Utopianism for a Dying Planet: Life after Consumerism

  • 13h 43m
  • Gregory Claeys
  • Princeton University Press
  • 2022

In the face of Earth’s environmental breakdown, it is clear that technological innovation alone won’t save our planet. A more radical approach is required, one that involves profound changes in individual and collective behavior. Utopianism for a Dying Planet examines the ways the expansive history of utopian thought, from its origins in ancient Sparta and ideas of the Golden Age through to today’s thinkers, can offer moral and imaginative guidance in the face of catastrophe. The utopian tradition, which has been critical of conspicuous consumption and luxurious indulgence, might light a path to a society that emphasizes equality, sociability, and sustainability.
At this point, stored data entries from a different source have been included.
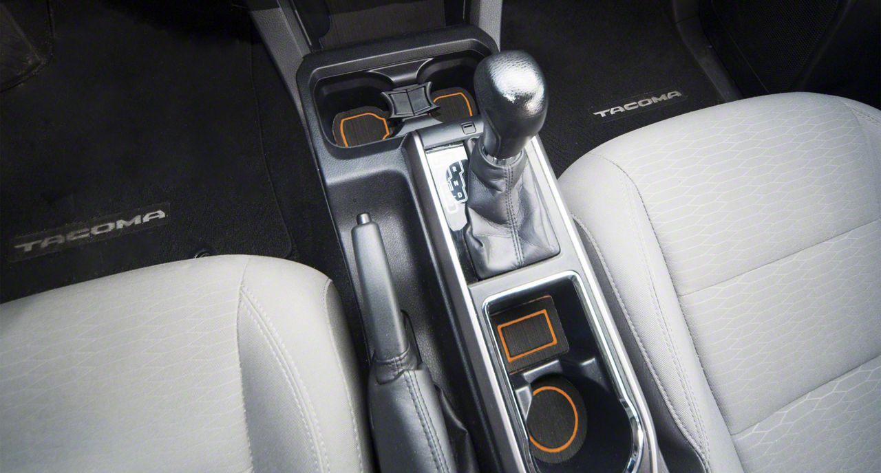 Center Console Cup Holder Inserts without QI Phone Charger Insert; Black/Orange (16-23 Tacoma w/ Automatic Transmission)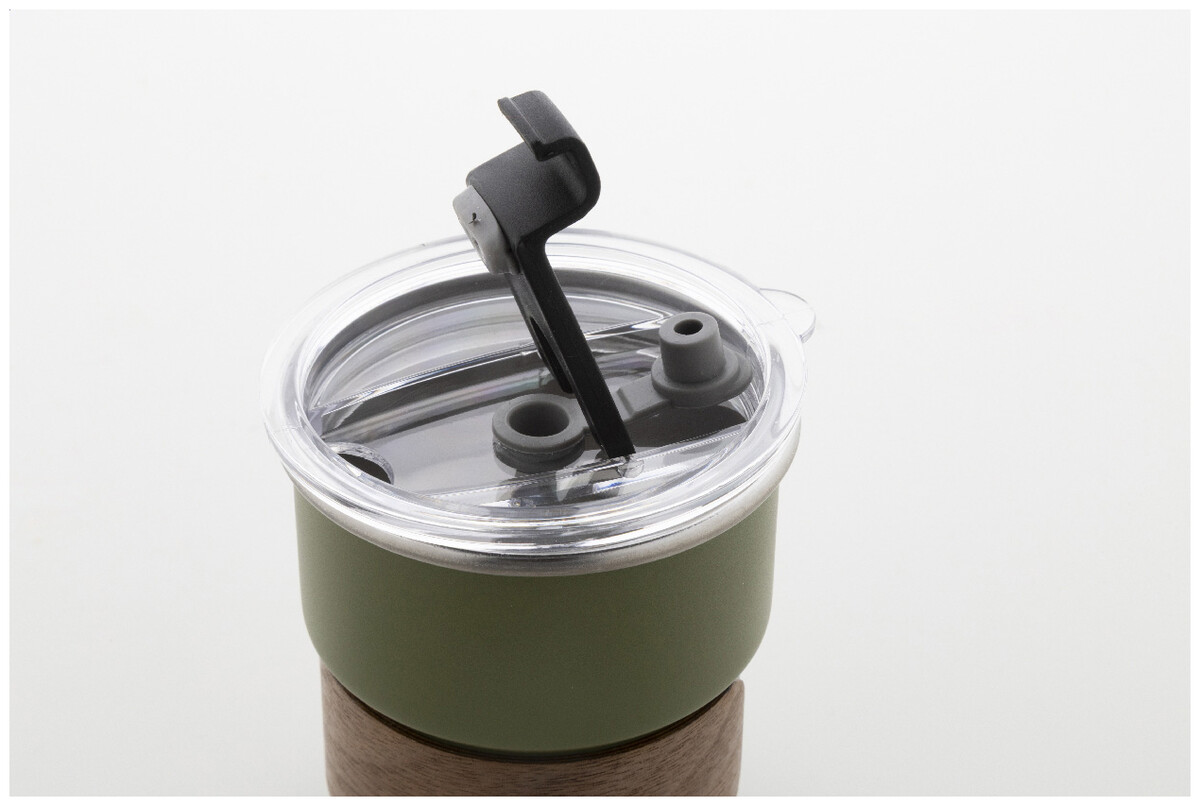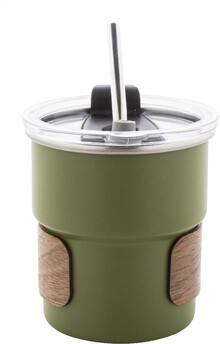 Jednostěnný cestovní hrnek z recyklované nerezové oceli s úchopem z ořechového dřeva, plastovým víčkem a brčkem z recyklované nerezové oceli. 260 ml.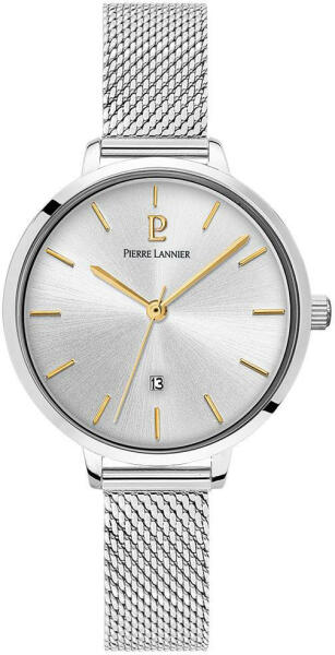 Rozsdamentes acél női karóra. Ezüst színű tok és acél szíj. Sárga arany színű mutatók és indexek. Dátum kijelzés. Rozsdamentes acél milánói szíj biztonsági zárral. Könnyen leolvasható ideális méretű óratok! Óraszerkezet : TM (japán) quartz Óraszíj : Rozsdamentes acél Óratok anyaga : Rozsdamentes acél Óratok mérete : 34mm Óraüveg : Ásványi üveg Vízállós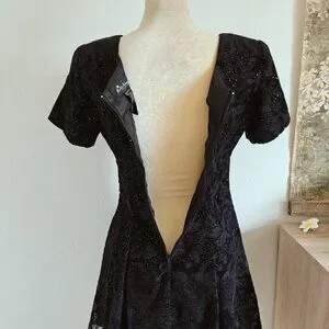 Nite Kraze 80's Vintage Black Floral Velvet Whimsigoth Lace Sparkly Dress Sz. 6
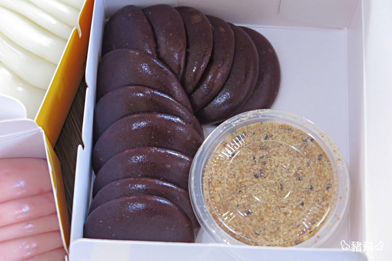 白色原味是經典熱銷麻糬!除了自己吃之外,拿來當伴手禮也是很棒的選擇。這裡的麻糬除了選用契作圓糯米以保持穩定品質,最大特色是米香奔放,口感Q彈,不沾手更不黏牙,難怪人氣長紅。

Gregory Claeys unfolds his argument through a wide-ranging consideration of utopian literature, social theory, and intentional communities. He defends a realist definition of utopia, focusing on ideas of sociability and belonging as central to utopian narratives. He surveys the development of these themes during the eighteenth and nineteenth centuries before examining twentieth- and twenty-first-century debates about alternatives to consumerism. Claeys contends that the current global warming limit of 1.5C (2.7F) will result in cataclysm if there is no further reduction in the cap. In response, he offers a radical Green New Deal program, which combines ideas from the theory of sociability with proposals to withdraw from fossil fuels and cease reliance on unsustainable commodities.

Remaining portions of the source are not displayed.